Start by mapping the retail data assets (purchase history, demographics, loyalty program, browsing behavior) to potential engagement levers for telemedicine (personalized recommendations, targeted outreach, seamless integration). Then propose a test-and-learn framework to validate which data-driven interventions actually improve engagement metrics like activation, retention, and utilization.

Pro tip: Emphasize privacy and trust: proactively mention how you'd handle sensitive health data in compliance with HIPAA and build user consent, showing you understand the unique constraints of healthcare in a retail context.

1. Identify relevant retail data sources

List the types of retail data available (e.g., purchase history, loyalty program, browsing behavior, demographics) and assess their relevance to telemedicine engagement.

2. Map data to engagement levers

Connect each data source to specific engagement strategies, such as personalized health recommendations based on purchase history or targeted promotions for loyalty members.

3. Prioritize use cases by impact and feasibility

Evaluate potential use cases on impact (e.g., increase in activation) and feasibility (e.g., data accessibility, privacy constraints) to focus on high-value, quick wins.

4. Design experiments and metrics

Define clear engagement metrics (e.g., sign-up rate, session frequency) and design A/B tests to measure the effectiveness of each data-driven intervention.
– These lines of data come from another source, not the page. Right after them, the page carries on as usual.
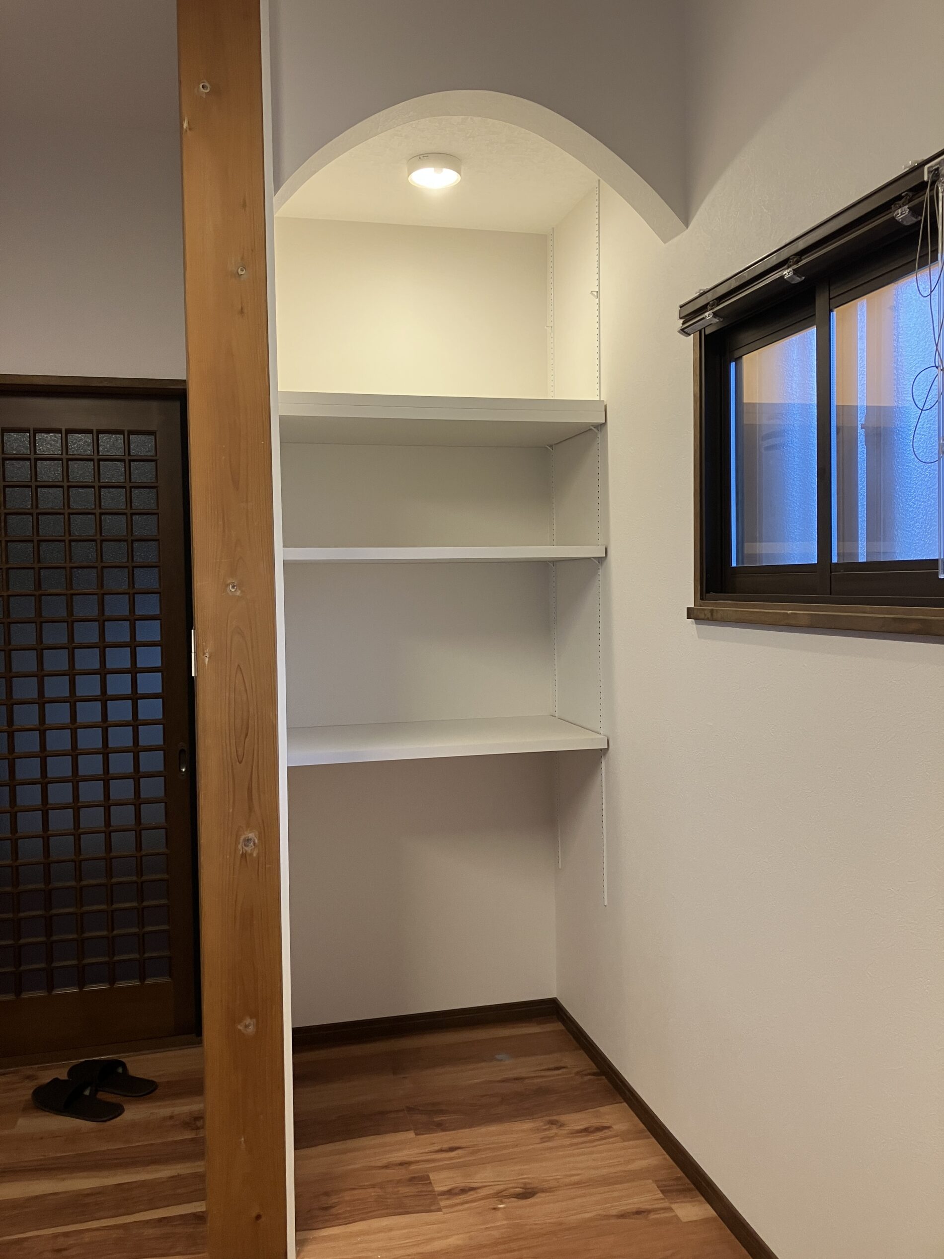 キッチン横の収納は垂れ壁をアーチに仕上げました!!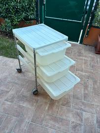 Vendo carrello Ikea stolmen con ruote altezza 76 larghezza 49 profondità 57 con tre cassetti con coperchio. Ogni cassetto misura internamente 38 per 49 alto 15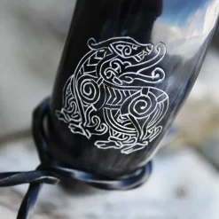 Over the centuries, the drinking horn has been used by different peoples as a cup during ceremonies and celebrations. The use of the drinking horn is even mentioned in the Edda. This horn is perfect for Viking reenactment, home decor, LARP and makes a wonderful gift. It is also ideal for festivals. This drinking horn is hand made from buffalo horn and is polished. There is a layer of varnish on the inside so that you can drink from the horn. It comes with a metal stand with which you can place it on the table. The horn is engraved with a dragon. This is a popular motif in Viking art and is found on jewelry, stones, and woodwork.
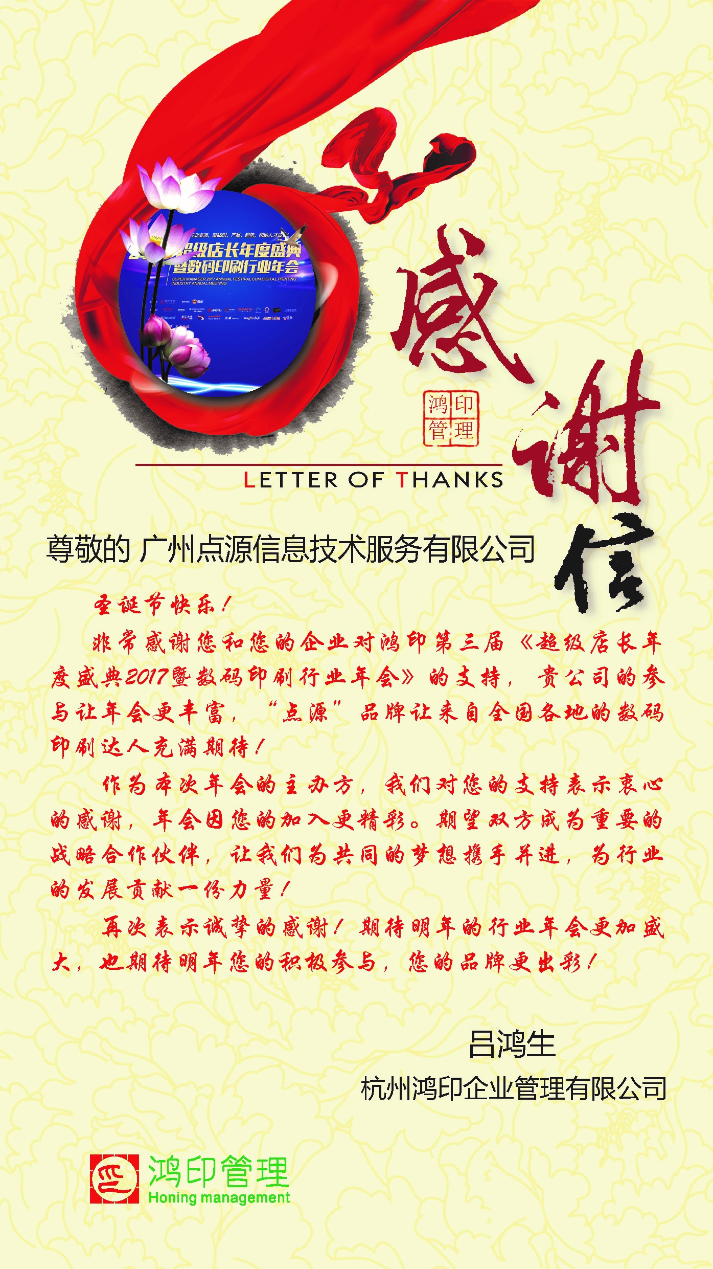 圖4杭州峰會成功閉幕後,主辦方給點源公司感謝信

5. Address privacy and compliance

Outline how you would ensure user consent, data anonymization, and compliance with regulations like HIPAA when using retail data for health-related purposes.

Key Points to Mention

  • Leveraging purchase history to recommend relevant telemedicine services (e.g., chronic condition management based on pharmacy purchases)
  • Using loyalty program data to offer incentives for telemedicine engagement (e.g., points for completing a consultation)
  • Personalizing outreach via email or app notifications based on browsing behavior (e.g., viewed health-related products)
  • Integrating telemedicine into existing retail touchpoints (e.g., post-purchase follow-up, in-store kiosks)
  • Ensuring privacy and compliance with HIPAA and other regulations when handling health data
  • Defining and tracking engagement metrics (e.g., activation rate, retention, utilization) to measure success

AI-generated suggestions, not part of the candidate's original notes. May be inaccurate — verify before relying on them.